Basically the main sampling method of my research is used random sampling. Firstly, I choose
Grameen bank and try to collect data (primary and secondary). After that I try to evaluate these
data. And last through comparative analysis I try to focus on the drawbacks of the Grameen
banking system and provide solution how Grameen bank is successful as a microfinance bank all
over the developing countries.

Chapter 4: Results and Discussion(Findings)

This section consists of an extensive literature review of archive of British library and various
other published that are highly recognized as a contribution to the existing studies. Objectives is
one of the most necessary part of my research. objective of my proposed study are
o Is Grameen Bank different from conventional Bank ?
o What is microcredit and what the impact of microcredit over developing
o What previous researchers have found about Grameen Bank success?
o How Grameen bank will be success in developing countries?
o How microfinance bank are developed rural economy in developing countries?

According to Ghista Garda(2004),The Norwegian Nobel Committee has decided to award the
Nobel Peace Prize for 2006, divided into two equal parts, to Muhammad Yunus and Grameen
Bank for their efforts to create economic and social development from below. Lasting peace can
not be achieved unless large population groups find ways in which to break out of poverty.
Micro-credit is one such means. Development from below also serves to advance democracy and
human rights

Muhammad Yunus has shown himself to be a leader who has managed to translate visions into
practical action for the benefit of millions of people, not only in Bangladesh, but also in many
other countries. Loans to poor people without any financial security had appeared to be an
impossible idea. From modest beginnings three decades ago, Yunus has, first and foremost
through Grameen Bank, developed micro-credit into an ever more important instrument in the
struggle against poverty. Grameen Bank has been a source of ideas and models for the many
institutions in the field of micro-credit that have sprung up around the world.
Sudhirenda Sharma(2002) defines, Every single individual on earth has both the potential and
the right to live a decent life. Across cultures and civilizations, Yunus and Grameen Bank have
shown that even the poorest of the poor can work to bring about their own development.

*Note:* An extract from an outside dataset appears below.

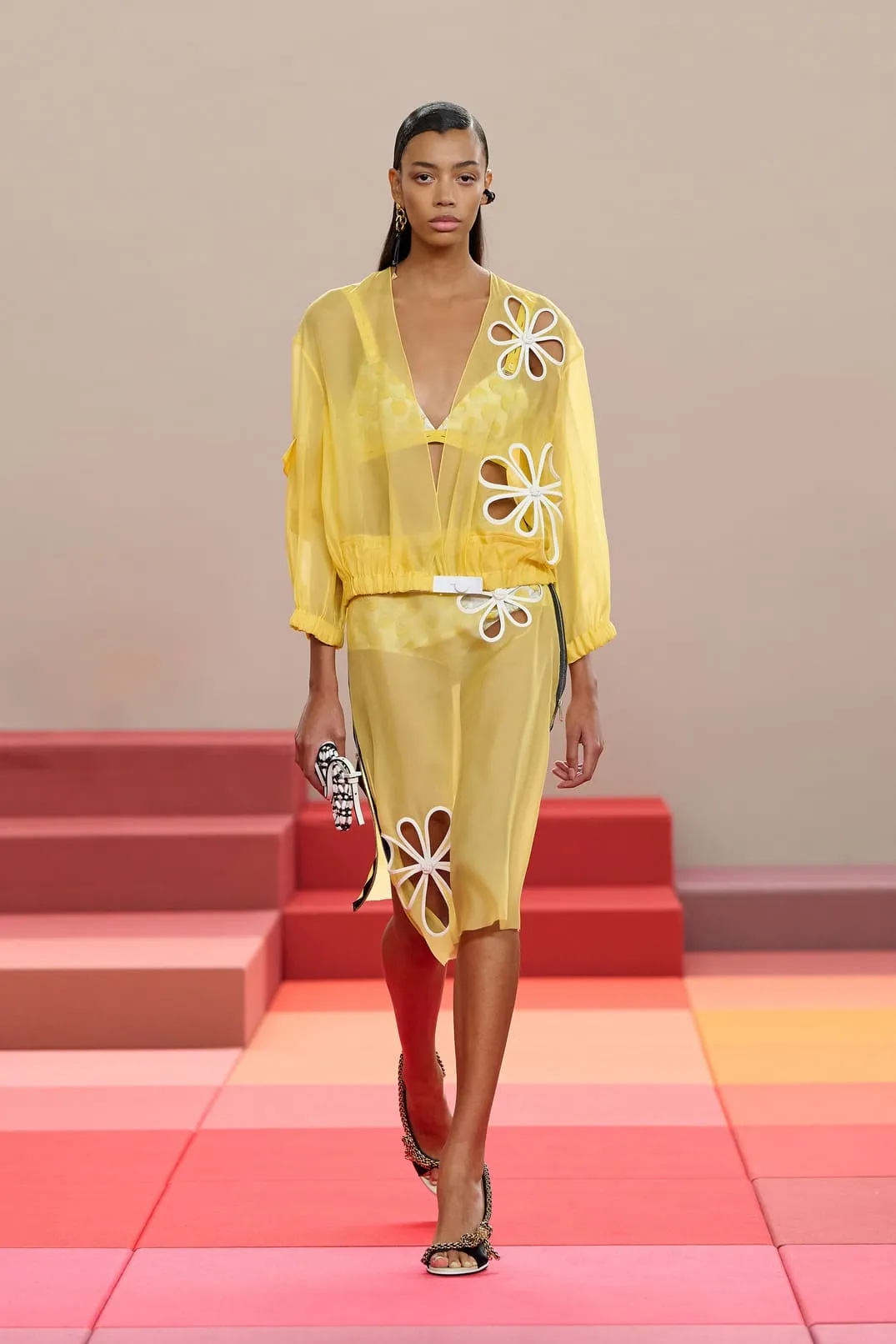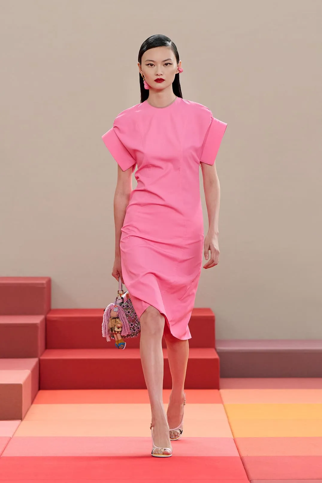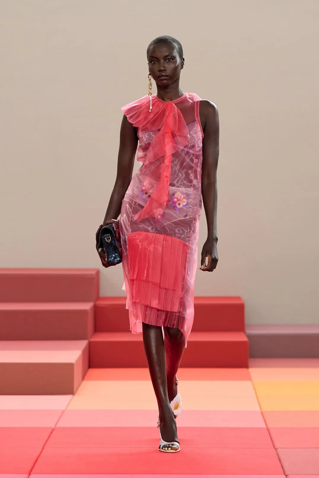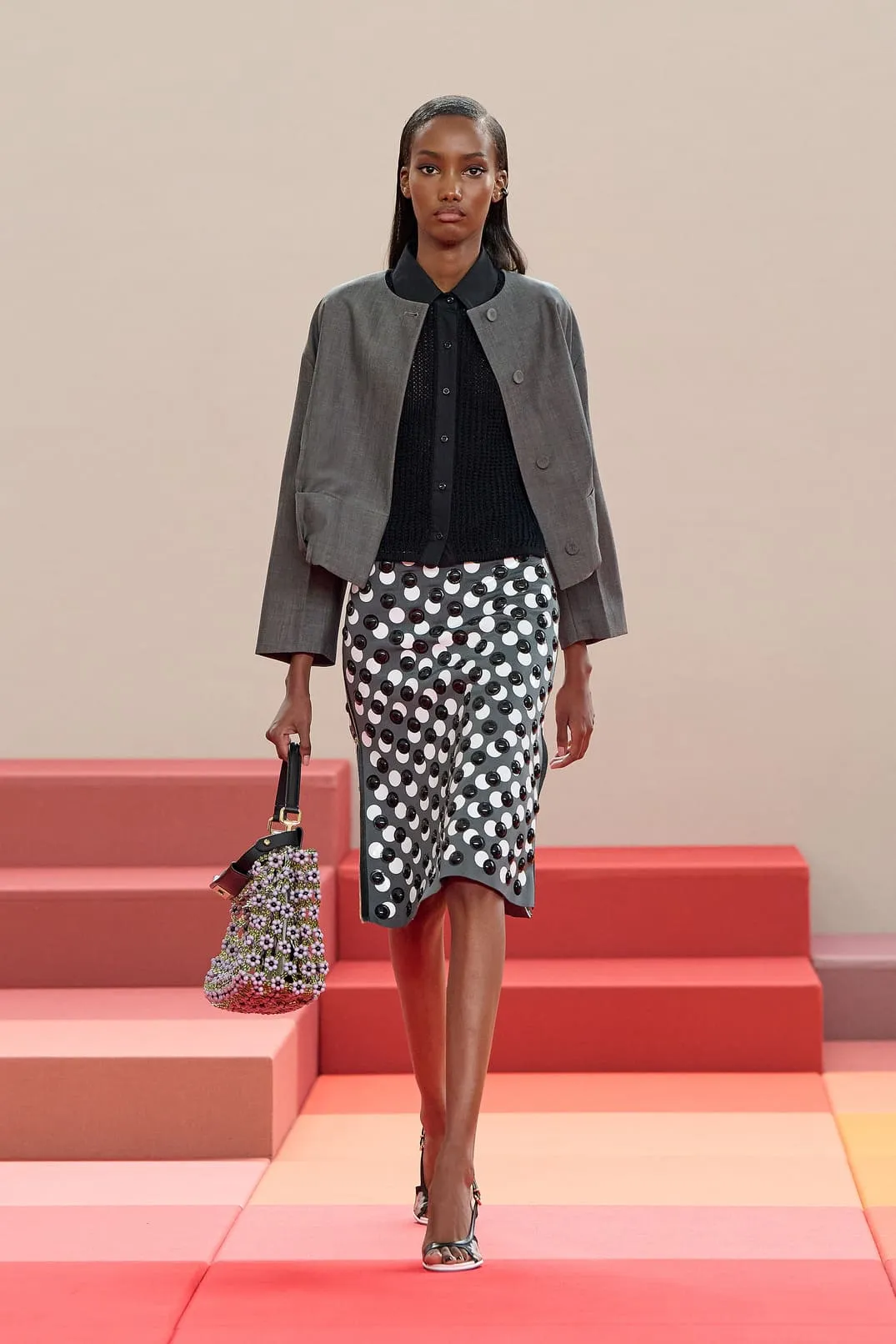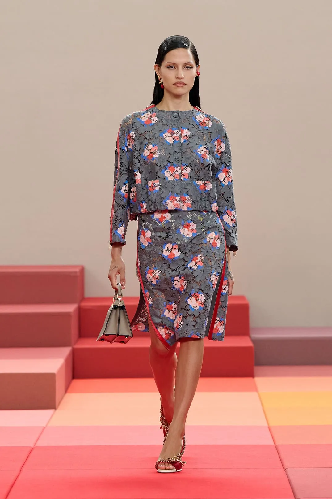 Dans la lumière éclatante d'un jour romain, Silvia Venturini Fendi dévoile une collection printemps-été 2026 où la couleur devient langage, mémoire et mouvement. Le décor, conçu par Marc Newson, s'inspire d'un motif floral Fendi pour se transformer en une mosaïque digitale, un quilt contemporain vibrant de teintes saturées. Chaque pixel, agrandi jusqu'à devenir une unité de lumière et de texture, évoque l'évolution de la couleur à l'écran et célèbre l'artisanat intergénérationnel. Ce paysage tactile et immersif efface les frontières entre spectateurs et spectacle, invitant à une expérience sensorielle sans hiérarchie. Les silhouettes, fluides et essentielles, dansent entre les espaces positifs et négatifs, entre le familier et l'inattendu. Les matières - organza, crochet, soie torsadée - célèbrent une opulence discrète, tandis que les broderies et motifs floraux insufflent une nostalgie graphique. La dualité chère à Fendi - tradition et innovation, artisanat et technologie - s'incarne dans chaque couture, chaque volume, chaque nuance. Comme le dit Silvia : "Innover tout en préservant la vision Fendi... avec une touche de fantaisie". Et cette fantaisie prend ici la forme d'un kaléidoscope vivant, où chaque vêtement devient une émotion à porter.

Micro-credit has proved to be an important liberating force in societies where women in

particular have to struggle against repressive social and economic conditions. Economic growth
and political democracy can not achieve their full potential unless the female half of humanity
participates on an equal footing with the male.
Yunus's long-term vision is to eliminate poverty in the world. That vision can not be realised by
means of micro-credit alone. But Muhammad Yunus and Grameen Bank have shown that, in the
continuing efforts to achieve it, micro-credit must play a major part.


Chapter-5: Conclusion & Recommendation

There is no doubt that the contribution of microfinance banking are worth maintaining for rural
economic development. In my proposed research I have shown how Grameen bank develop in
the poorer nations & developing countries. Also I have shown what type of Strategic
Management took Grameen bank.
According to D.C Barua(2006) ,Grameen Bank is the only business corporation to have won a
Nobel Prize. In a speech given at the presentation ceremony, Professor Ole Danbolt Mjs,
Chairman of the Norwegian Nobel Committee, mentioned that, by giving the prize to Grameen
Bank and Muhammad Yunus, the Norwegian Nobel Committee wished to focus attention on
dialogue with the Muslim world, on the women's perspective, and on the fight against poverty.

Paul Sinclair(2007) defines, On July 11, 2005 the Grameen Mutual Fund One (GMFO),
approved by the Securities and Exchange Commission of Bangladesh, was listed as an. One of
the first mutual funds of its kind, GMFO will allow the over four million Grameen bank
members, as well as non-members, to buy into Bangladesh's capital markets. The Bank and its
constituents are together worth over USD 7.4 billion.